Что это за жизнь, Боже мой! Здесь я каждый день читаю в газетах, с какою ненавистью говорят о России; из ваших книг они почерпают не уроки любви, а только новую злобу. А социалисты в Цюрихе? -- Но, простите меня, я разболтался"...
Вот слова, которые полнее и лучше говорят то, что через тридцать лет повторяет о себе г-жа М. Безобразова, -- вышедшая из образованнейшей семьи на прекрасное поприще философии. Да разве то же самое не могли бы повторить о себе глубочайший из наших критиков, Аполлон Григорьев, также Говоруха-Отрок, Константин Леонтьев? Им всем не внимали.

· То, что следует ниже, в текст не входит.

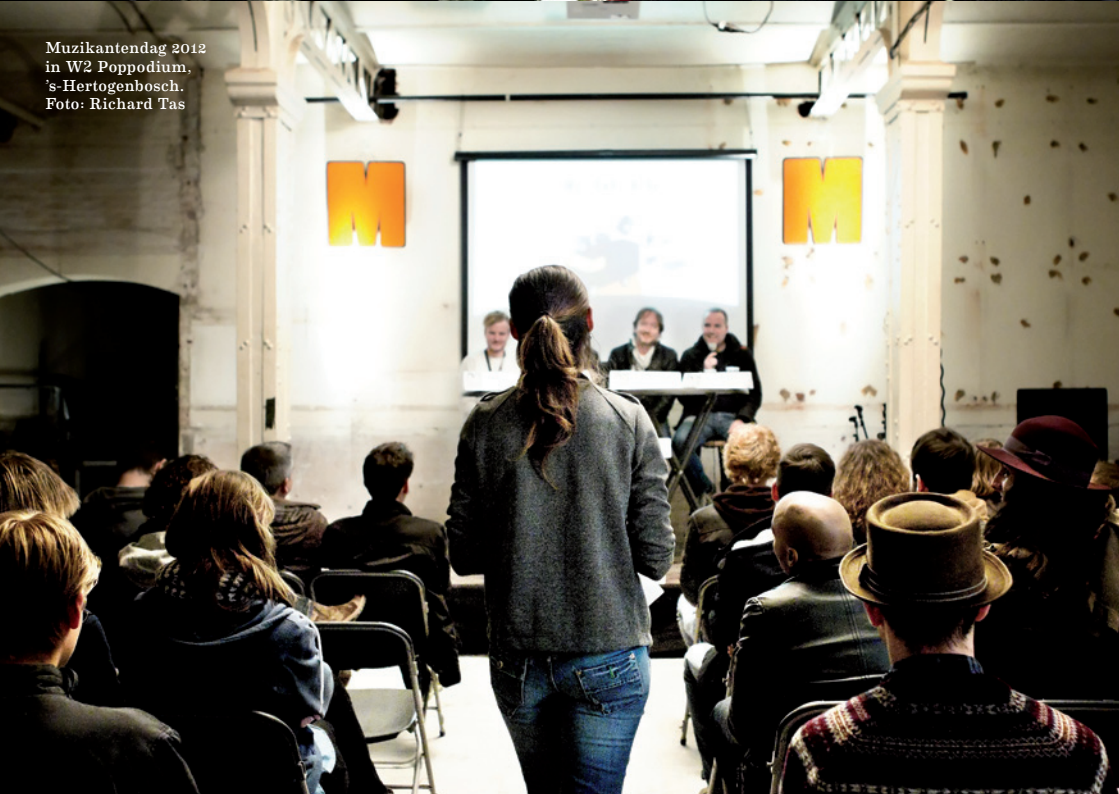
Muzikantendag 2012 in W2 Poppodium, 's-Hertogenbosch.

van een cd en -voor sommigen- een professionele muziecarrière. De aanwezigheid van een volledige keten is belangrijk om talentontwikkeling te kunnen faciliteren en ondersteunen.
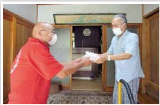
▲配食サービス事業

地域住民からボランティアへの参加協力を得て、高齢者や障がいのある方への地域生活を支援します。 (配食サービス事業、広報音訳事業、郵便見守り事業、子育て支援事業)
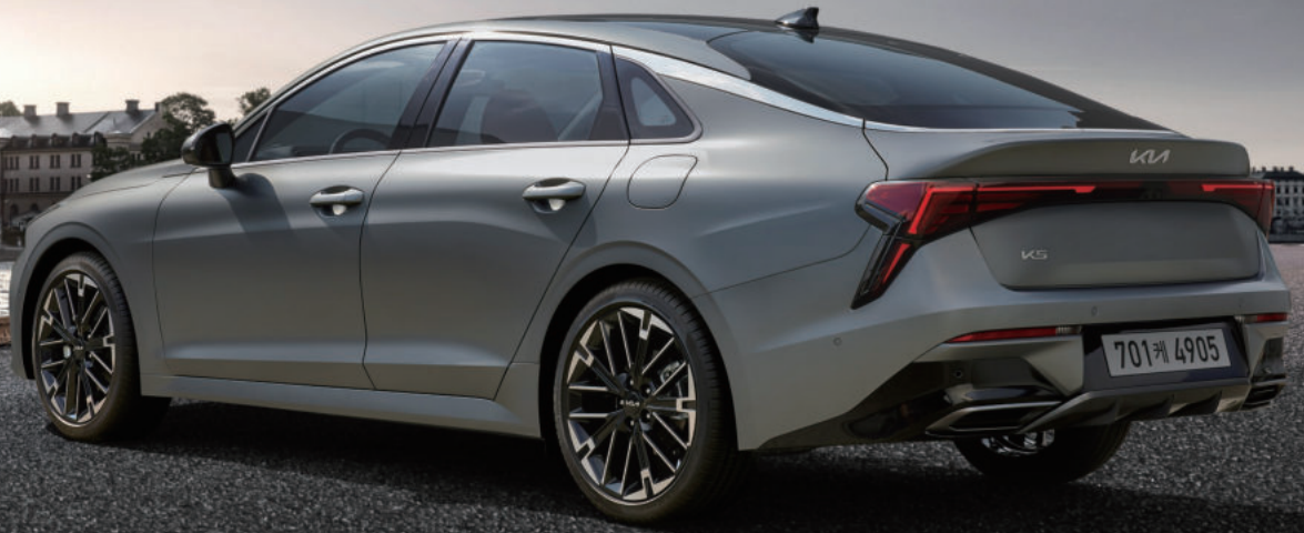
문스케이프 매트 그레이 (KLM)
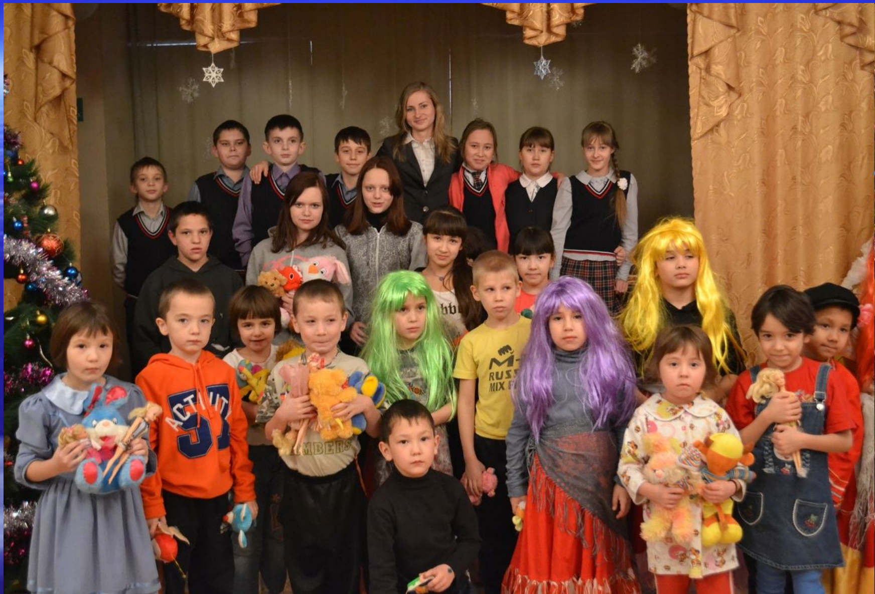
Центр помощи детям "Надежда" с.Урман-Бишкадак
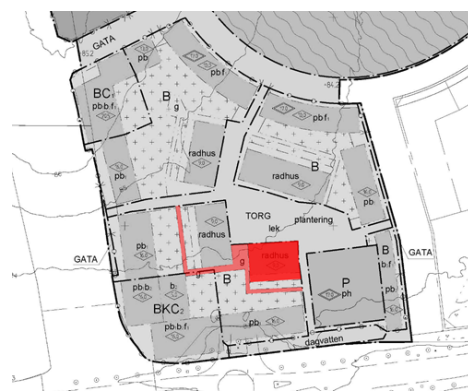
Lund Jane Addams 4
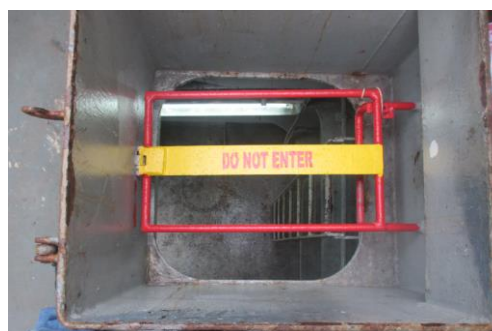
Fysische blokkering/vergrendeling van toegang.
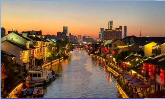
江南水弄堂【南長街歷史文化街區】

位於中國江蘇省無錫市梁溪區，是無錫著名的古街，也是國家4A級旅遊景區。它依傍著京杭大運河，保留了大量的明清建築，展現了典型的江南水鄉風情。南長街是清名橋歷史文化街區的核心部分，與運河、南下塘等區域共同構成了一個富有歷史文化底蘊的街區。
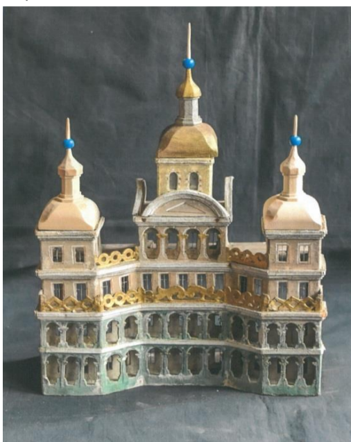
V průběhu restaurování
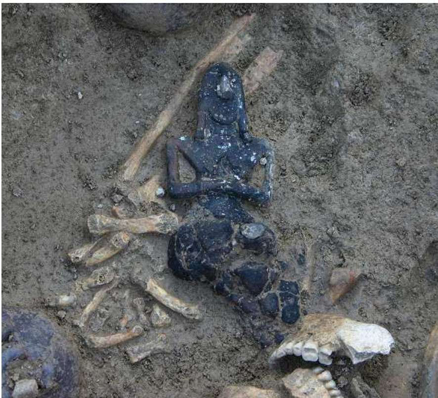
La statuette femminile in corso di scavo

Ряд неуслышанных в нашей литературе поистине длинен и жесток. "Но я не раскаиваюсь в том, что говорил", -- кончает о себе Страхов. И никто из перечисленных "не раскаивается", -- конечно, "не раскаивается" и М. Безобразова. Есть удел -- современность, и есть удел -- будущность. Первый, естественно, ограничен, и очень ограничен, второй -- бесконечен. Будет "история образованности", и будет она написана, конечно, не "современниками". "Наше поколение" есть очень ограниченное и очень бессильное поколение. Самая суть слова и самая суть мысли состоят в том, что они говорят в вечность... И свечка, которая не зажглась при жизни, -- если есть в ней "матерьял" и есть светильня, -- еще не сломлена отношением современников. Она может еще загореться и будет светить над могилою тех, кто умел страдать и умел быть терпеливым в страдании.
Вот ряд мыслей, который может утешить не одну эту печальную философствовавшую девушку... Пусть она тихо продолжает свою деятельность, -- хотя бы "для архивов"...
Впервые опубликовано: Новое Время. 1914. 8 авг. No 13795.